*RECORDS PROVIDED*:
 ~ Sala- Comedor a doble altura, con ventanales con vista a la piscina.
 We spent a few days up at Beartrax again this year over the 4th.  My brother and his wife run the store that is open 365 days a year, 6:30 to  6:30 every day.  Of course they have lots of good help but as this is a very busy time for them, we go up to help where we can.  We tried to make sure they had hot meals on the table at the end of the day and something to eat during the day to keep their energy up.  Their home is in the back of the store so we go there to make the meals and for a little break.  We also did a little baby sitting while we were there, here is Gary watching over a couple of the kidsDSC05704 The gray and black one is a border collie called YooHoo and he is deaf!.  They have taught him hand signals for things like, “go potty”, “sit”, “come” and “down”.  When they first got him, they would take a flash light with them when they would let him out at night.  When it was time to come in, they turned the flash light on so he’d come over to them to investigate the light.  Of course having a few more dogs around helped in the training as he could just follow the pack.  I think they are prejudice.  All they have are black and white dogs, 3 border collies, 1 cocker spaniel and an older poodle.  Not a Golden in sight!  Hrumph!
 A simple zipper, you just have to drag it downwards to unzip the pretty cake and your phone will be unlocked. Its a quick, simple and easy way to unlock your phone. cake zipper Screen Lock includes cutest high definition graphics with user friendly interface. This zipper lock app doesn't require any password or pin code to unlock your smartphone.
* * *
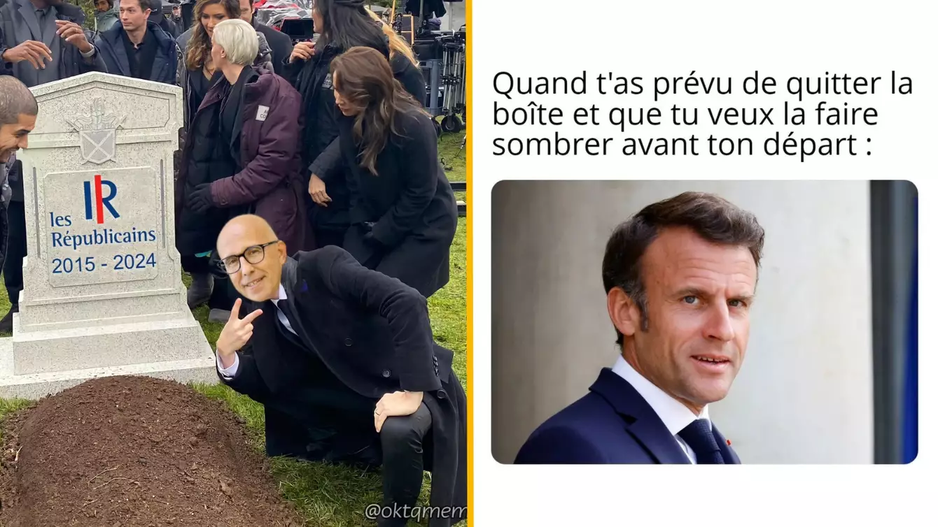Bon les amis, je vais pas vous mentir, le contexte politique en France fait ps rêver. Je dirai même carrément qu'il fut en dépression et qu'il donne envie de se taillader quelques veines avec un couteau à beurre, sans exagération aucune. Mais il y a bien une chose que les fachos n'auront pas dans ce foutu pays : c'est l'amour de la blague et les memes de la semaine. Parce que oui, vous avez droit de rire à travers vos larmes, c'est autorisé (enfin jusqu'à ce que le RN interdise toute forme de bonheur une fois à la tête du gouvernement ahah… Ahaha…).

*EXERCISE REQUIREMENTS*: In the entries above, find the line holding "a la piscina." and the line holding "A simple zipper, you", then retype exactly those two lines and every line between them, and nothing else.

*EXERCISE RESULT*:
 ~ Sala- Comedor a doble altura, con ventanales con vista a la piscina.
 We spent a few days up at Beartrax again this year over the 4th.  My brother and his wife run the store that is open 365 days a year, 6:30 to  6:30 every day.  Of course they have lots of good help but as this is a very busy time for them, we go up to help where we can.  We tried to make sure they had hot meals on the table at the end of the day and something to eat during the day to keep their energy up.  Their home is in the back of the store so we go there to make the meals and for a little break.  We also did a little baby sitting while we were there, here is Gary watching over a couple of the kidsDSC05704 The gray and black one is a border collie called YooHoo and he is deaf!.  They have taught him hand signals for things like, “go potty”, “sit”, “come” and “down”.  When they first got him, they would take a flash light with them when they would let him out at night.  When it was time to come in, they turned the flash light on so he’d come over to them to investigate the light.  Of course having a few more dogs around helped in the training as he could just follow the pack.  I think they are prejudice.  All they have are black and white dogs, 3 border collies, 1 cocker spaniel and an older poodle.  Not a Golden in sight!  Hrumph!
 A simple zipper, you just have to drag it downwards to unzip the pretty cake and your phone will be unlocked. Its a quick, simple and easy way to unlock your phone. cake zipper Screen Lock includes cutest high definition graphics with user friendly interface. This zipper lock app doesn't require any password or pin code to unlock your smartphone.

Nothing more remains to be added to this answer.